Most efficient way to select elements in 2d array in Ruby

Question

Let's say I have 2d array (or matrix) like,

matrix = [
 [1, 2, 3],
 [4, 5, 6],
 [7, 8, 9]
]

And, I've to select all elements in eight directions of a certain element matrix[i][j], so I know,

• up and down elements will have same j
• left and right elements will have same i
• back-inclined diagonal (\) elements will have same diff i-j
• front-inclined diagonal (/) elements will have same sum i+j

How to select those elements, easily and efficiently? Any direct method?

---

For example, if my element is 4, then my selection should yield, [1, 7, 5, 6, 2, 8]. If it is, 5, then selection should be all except 5.

---

Edit: I've coded any solution yet, as I thought it'll be very poor, but here is my idea.
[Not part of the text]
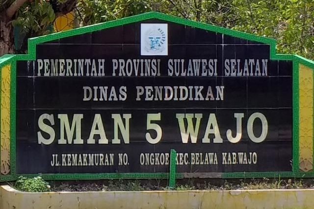 Sekolah Menengah Atas (SMA) Negeri 5 WAJO, merupakan jenjang pendidikan formal lanjutan dari Sekolah Menengah Pertama (SMP) yang bertujuan untuk memberikan pendidikan umum dan mempersiapkan siswa untuk jenjang pendidikan tinggi atau dunia kerja. SMAN 5 Wajo terletak di Jl. Kemakmuran Desa Ongko, Kecamatan Belawa, Kabupaten Wajo.

Try it online!

matrix = [
 [1, 2, 3],
 [4, 5, 6],
 [7, 8, 9]
]

res = []
i = 0
j = 1

# let [i,j] be index of my element
matrix.each_with_index{|row,r| row.each_with_index{|col,c| 
    res << col if c == j || r == i || r+c == i+j || r-c == i-j 
}}

p res

Answer 1

Code

def extract(matrix, row, col)
  last_row = matrix.size-1
  last_col = matrix.first.size-1
  diag_sum = row + col
  diag_first_row = diag_sum - [diag_sum, last_col].min
  diag_last_row  = [last_row, diag_sum].min
  ante_diag_diff = row - col
  ante_diag_first_row = [ante_diag_diff, 0].max
  ante_diag_last_row = ante_diag_diff +
    [last_col, last_row - ante_diag_diff].min
  arr = [] 
  (0..last_col).each { |j| arr << matrix[row][j] unless j == col }
  (0..last_row).each { |i| arr << matrix[i][col] unless i == row }
  (diag_first_row..diag_last_row).each do |i|
    arr << matrix[i][diag_sum - i] unless i == row
  end
  (ante_diag_first_row..ante_diag_last_row).each do |i|
    arr << matrix[i][i - ante_diag_diff] unless i == row
  end
  arr
end

Example

matrix = Array.new(5) { Array.new(5) { rand(10..99) } }
  #=> [[52, 29, 61, 35, 27],
  #    [68, 99, 67, 18, 67],
  #    [79, 10, 73, 15, 36],
  #    [49, 94, 28, 24, 53],
  #    [37, 26, 65, 65, 43]]

(0..4).each do |i|
  (0..4).each do |j|
    puts "#{i}, #{j}: #{extract(matrix,i,j)}"
  end
 end

i  j
----------------------------------------------------------------------
0, 0: [29, 61, 35, 27, 68, 79, 49, 37, 99, 73, 24, 43]
0, 1: [52, 61, 35, 27, 99, 10, 94, 26, 68, 67, 15, 53]
0, 2: [52, 29, 35, 27, 67, 73, 28, 65, 99, 79, 18, 36]
0, 3: [52, 29, 61, 27, 18, 15, 24, 65, 67, 10, 49, 67]
0, 4: [52, 29, 61, 35, 67, 36, 53, 43, 18, 73, 94, 37]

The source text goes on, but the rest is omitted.